Hu Yoshida

2015 Trends: Big Data, Internet of Things, Data Lakes, and Hybrid Cloud

Blog Post created by Hu Yoshida Employee on Dec 8, 2014



This post is the next to last post in my blog series on top trends for 2015. I will follow up with my final post after the webcast with George Crump of Storage Switzerland on December 10. These three trends cover Big Data and IoT, Data Lakes, and the growing use of Hybrid Cloud trends that support Business Defined IT.



8. Big Data And Internet of Things

IDC has predicted that big data will grow at a 27% CAGR to $32.4 B through 2017 about 6 times the growth rate of the overall information and communication technology market. Other analyst like Wikibon, are even more bullish, predicting revenues of  $53.4B by 2017, as more businesses begin to realize real benefits from Big Data analytics. 2015 will continue to see solid growth in Big Data analytics tools like SAP HANA and Hadoop, which can deliver results in a matter of minutes or hours as opposed to days. Preconfigured converged and hyper-converged platforms will speed implementation of Big Data applications.

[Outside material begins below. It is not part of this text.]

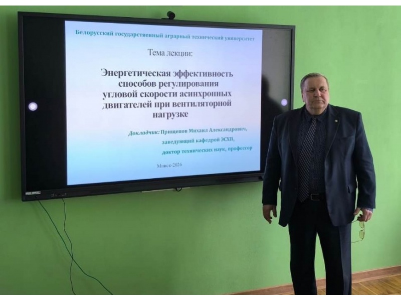 В рамках реализации Соглашения о сотрудничестве в области науки, образования и дополнительного образования взрослых и договоров о реализации совместных образовательных программ 20.03.2026 состоялась онлайн-лекция д.т.н. професссора, заведующего кафедрой электрооборудования сельскохозяйственных предприятий БГАТУ Прищепова М.А, на тему «Энергетическая эффективность способов регулирования угловой скорости асинхронных двигателей при вентилятоной нагрузке» для студентов специальностей «Теплоэнергетическая инженерия» и «Автоматизация и энергетическая эффективность процессов и производств» НАО «Казахский агротехнический исследовательский университет имени Сакена Сейфуллина».
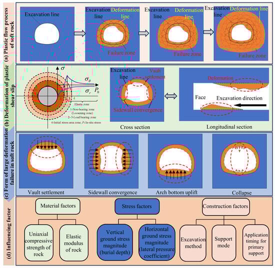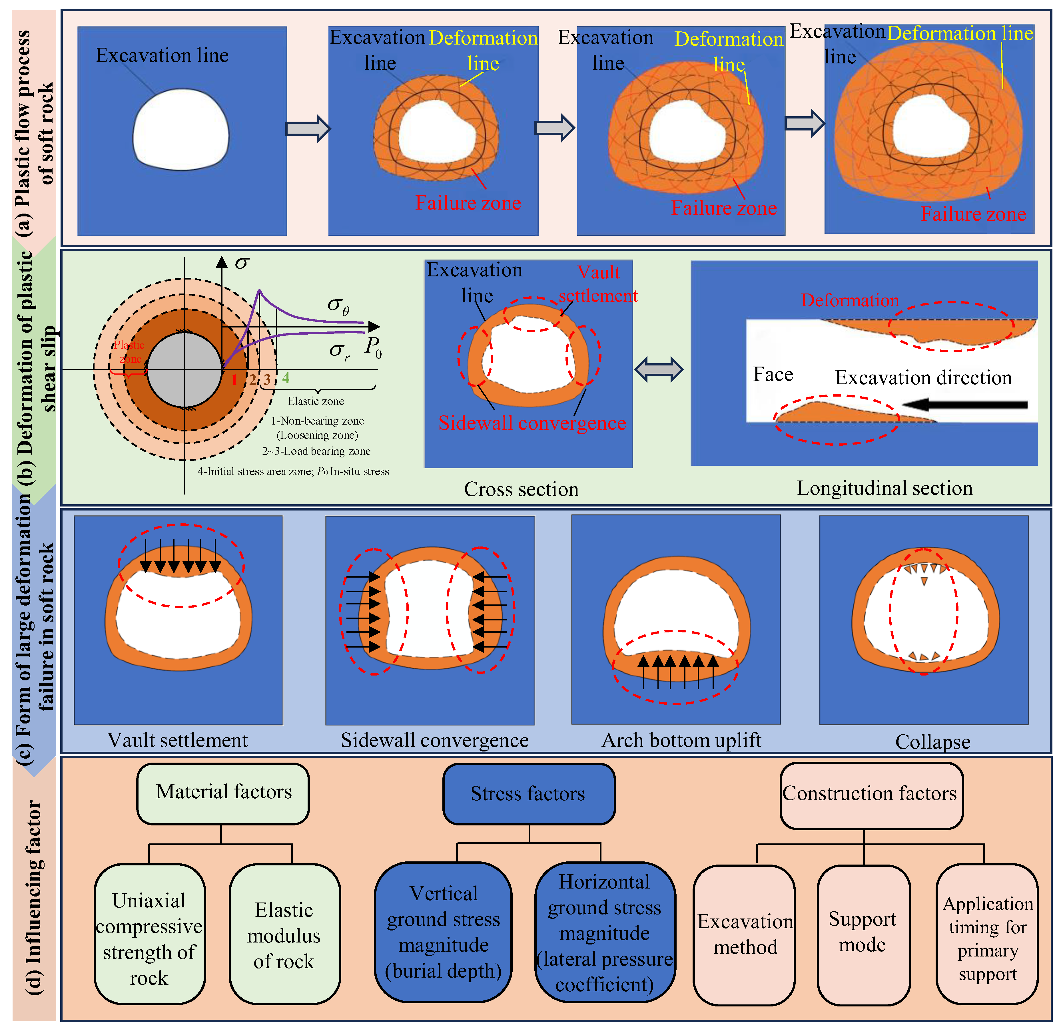 - The large deformation of soft surrounding rock is divided into three categories: material-induced large deformation (material-stress-induced and material-chemical-induced), stress-induced large deformation, and structural-type large deformation. The material-stress-induced large deformation is a large deformation phenomenon of soft rock plastic flow or shear slip under the dual action of low rock material strength and high ground stress. The influencing factors of large deformation are divided into material factors, stress factors, and construction factors.

While Big Data of today is more about business data with the addition of social sentiment, the Big Data of tomorrow will be more about the Internet of Things (IoT) with machine to machine communications, which will have a bigger impact on our lives. The Internet of Things will help us solve problems in carbon footprint, transportation, energy, smart cities, public safety, life sciences, based on information technology. The new world of IoT will create an explosion of new information, which can be used to create a better world. Batch analytics will give way to data streaming analytics for real time analysis of sensor data, and more intelligence will be incorporated in edge ingestors. Applications, built around the Internet of things, will be introduced by companies that have expertise in sensor analysis and in verticals like surveillance and healthcare. In 2015, IT companies will be partnering with social infrastructure companies to realize the potential of an IoT world.


Hitachi Data Systems has already started down this path by partnering with other divisions in Hitachi. For instance HDS is partnering with Clarion, a member of the Hitachi Group and an In-Vehicle Information Solution Provider. We have announced a research and development partnership for deployment of new data-driven solutions in the next generation of Clarion in-vehicle connectivity products. This collaboration will give drivers, insurance companies, and manufacturers usable insights that will lead to improved auto performance and safety, increasing value across the growing market for connected cars.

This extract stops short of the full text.